**What is expected**
In the data below, find the line containing "Unsurprisingly, his Bushtucker" and the line containing "סט אלגנטי ומיוחד", then reproduce them and every line between, exactly. Omit pictures.

[Records provided]

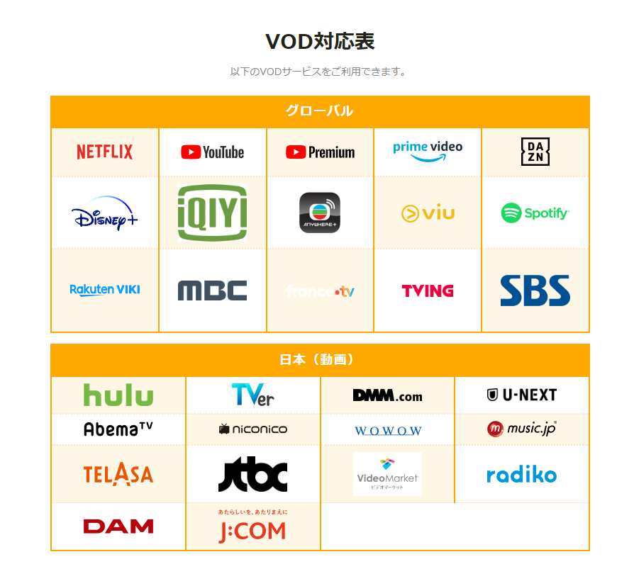 対応している動画配信サイトを公式サイトで記載してくれています。
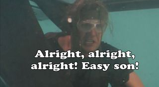 Unsurprisingly, his Bushtucker trial this week (whatever the hell that is) makes for pretty compelling viewing. Check out the cockney geezer grapple eels, face off against water pythons and be scared out of his tree by water dragons in this incredible clip.
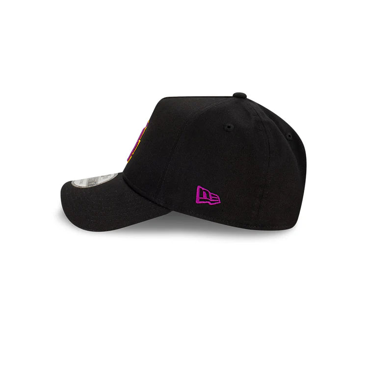Experience the best of both worlds with the NEW ERA Los Angeles Dodgers 9FORTY A-Frame Snapback Cap in Black/Passionfruit! Combining style and functionality, this cap features the iconic Dodgers logo and a trendy passionfruit color scheme. Stand out from the crowd and show off your passion for the game!
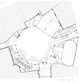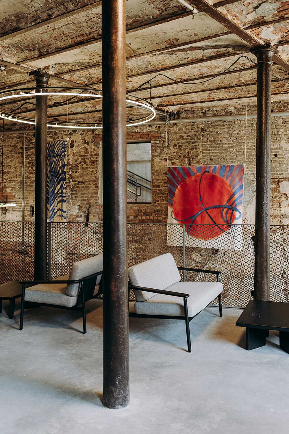 Gli interni, caratterizzati da colori e texture ispirati al passato circense dell’edificio e dagli arredi di recupero e quelli custom di Buro Project, creano un ambiente accogliente e stimolante per i visitatori e gli utenti.
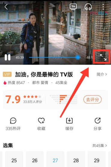 打开搜索到的视频,轻触播放画面,弹出操作栏,点击画面右下角【全屏】图标。
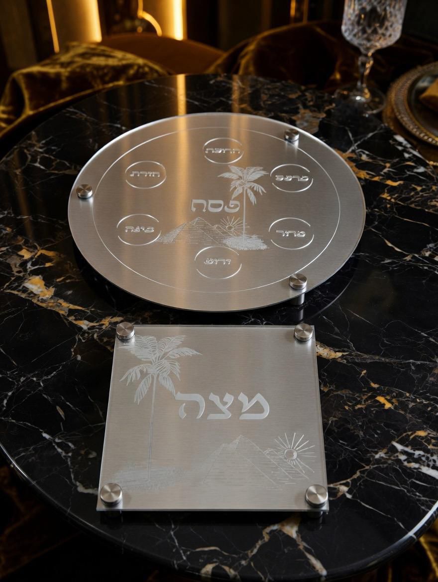סט אלגנטי ומיוחד הכולל מגש למצות וצלחת ברכות ,
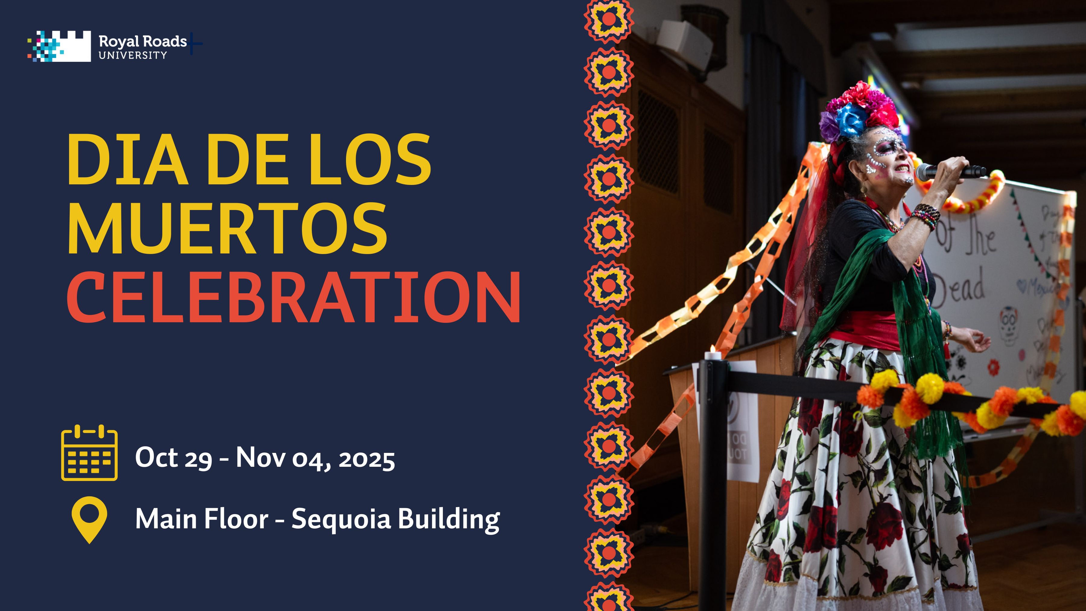 Experience the tradition of Día de Muertos at Royal Roads University as we honor life, memory, and culture through color, food, and stories. All students are invited to join this cultural celebration and learn about the meaning behind this beautiful Mexican tradition.
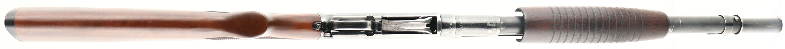 Winchester, Model 12, CAL: 12 GA, MFG: 1954, SN: 1600758, Pump Action Shotgun, Choke: FULL, 3'' Chamber, 20 1/4'' No rib barrel. The checkered & flat pistol grip wood stock is an excellent replacement from Boyd's. The grain is fantastic, with fit & finish being excellent & are just a couple of fine line scratches to the original finish. The original forend is excellent, with some tiny edge chipping along the back left edge. The finish has darkened with age, wear & oils. The original metal blue finish rates 75% overall. Bore is excellent. Single front bead. Buttstock carries a Boyd buttplate, with 14 1/4'' LOP. FFL or C&R Req. - Value: 300 to 600
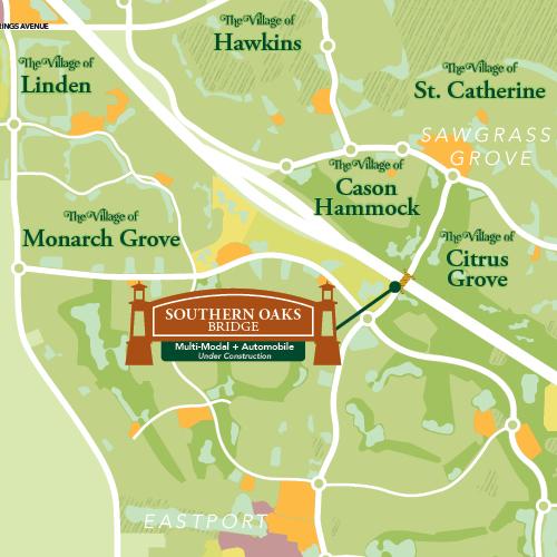 The Southern Oaks Bridge is located just south of the Sawgrass Grove area, running along Bexley Trail between the two Southern Oaks Championship Golf nines. This bridge will accommodate automobiles as well as golf cars and take folks from the areas just north to the new Villages, Eastport and south – expanding the connectivity of our community.

[/Records provided]

**Solution**
 Unsurprisingly, his Bushtucker trial this week (whatever the hell that is) makes for pretty compelling viewing. Check out the cockney geezer grapple eels, face off against water pythons and be scared out of his tree by water dragons in this incredible clip.
Experience the best of both worlds with the NEW ERA Los Angeles Dodgers 9FORTY A-Frame Snapback Cap in Black/Passionfruit! Combining style and functionality, this cap features the iconic Dodgers logo and a trendy passionfruit color scheme. Stand out from the crowd and show off your passion for the game!
 Gli interni, caratterizzati da colori e texture ispirati al passato circense dell’edificio e dagli arredi di recupero e quelli custom di Buro Project, creano un ambiente accogliente e stimolante per i visitatori e gli utenti.
 打开搜索到的视频,轻触播放画面,弹出操作栏,点击画面右下角【全屏】图标。
סט אלגנטי ומיוחד הכולל מגש למצות וצלחת ברכות ,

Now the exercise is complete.